_EXERCISE BRIEF_
Take the lines from the one with "Zapatos de sal" through the last line of the material below and write them out exactly, without any pictures.

_THE DATA_
# # #

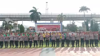 Palembang, tvOnenews.com - Polrestabes Palembang bersama berbagai elemen masyarakat dan organisasi kemasyarakatan (ormas) menggelar Apel Sabuk Kamtibmas di halaman Mapolrestabes Palembang.
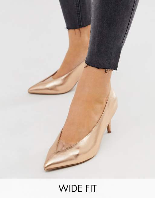 Zapatos de sal n de corte ancho con tac n medio y brillo dorado Very well made.
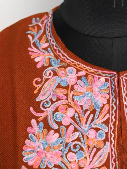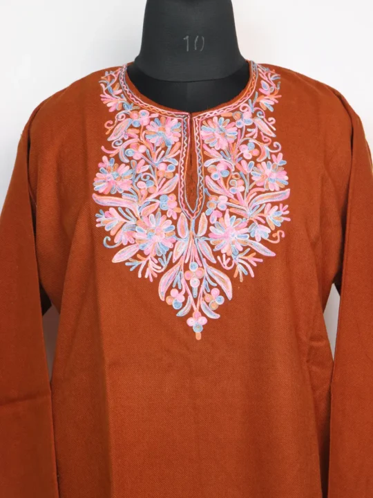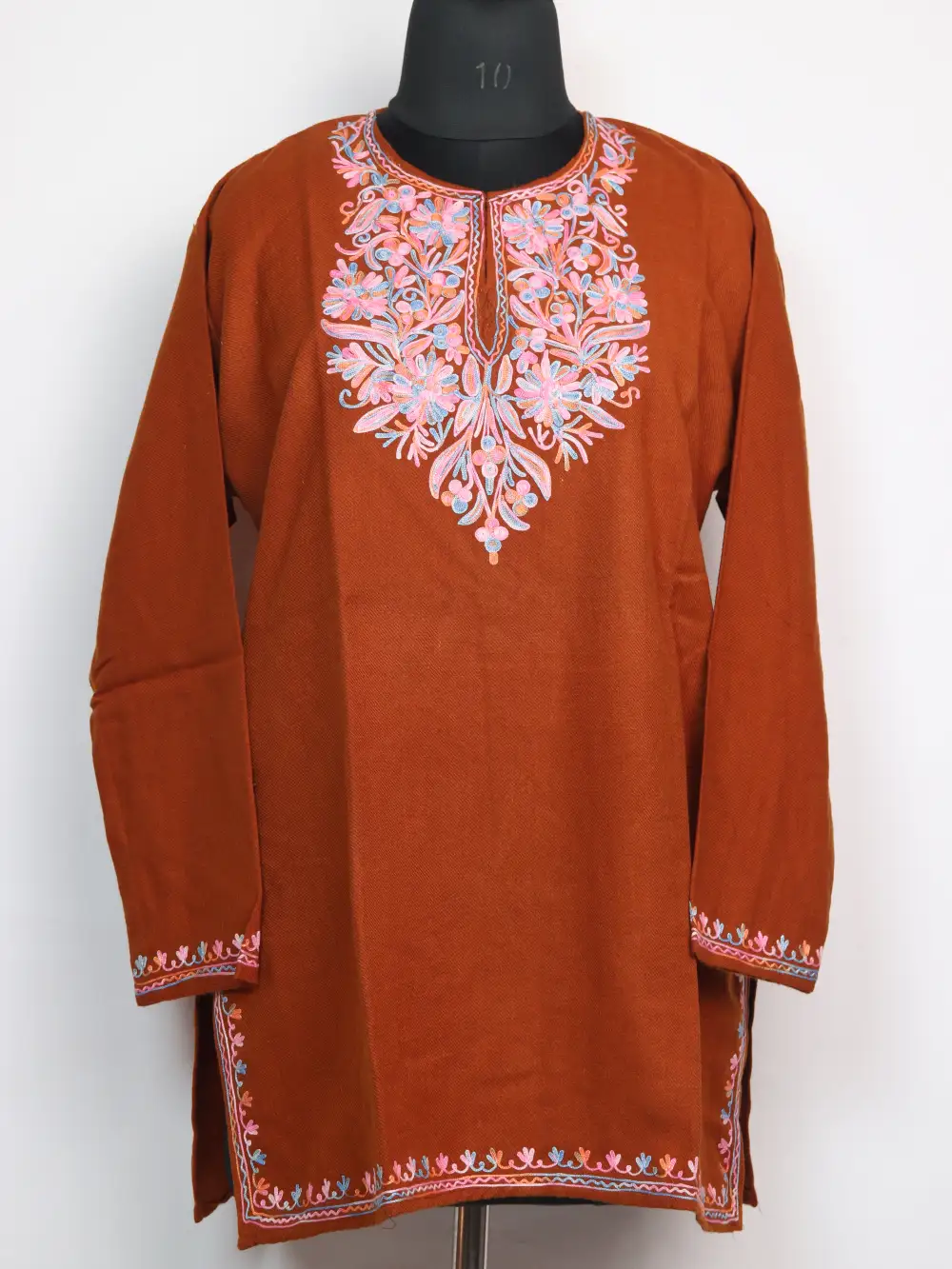 Beautiful short kurti in brown hue crafted from Cashmilon wool with Aari embroidery at the neckline in tiny badam patterns and pockets kept both side for practical wear. The kurti balances neat neckwork and wearable fabric.

# # #

_RESPONSE_
 Zapatos de sal n de corte ancho con tac n medio y brillo dorado Very well made.
 Beautiful short kurti in brown hue crafted from Cashmilon wool with Aari embroidery at the neckline in tiny badam patterns and pockets kept both side for practical wear. The kurti balances neat neckwork and wearable fabric.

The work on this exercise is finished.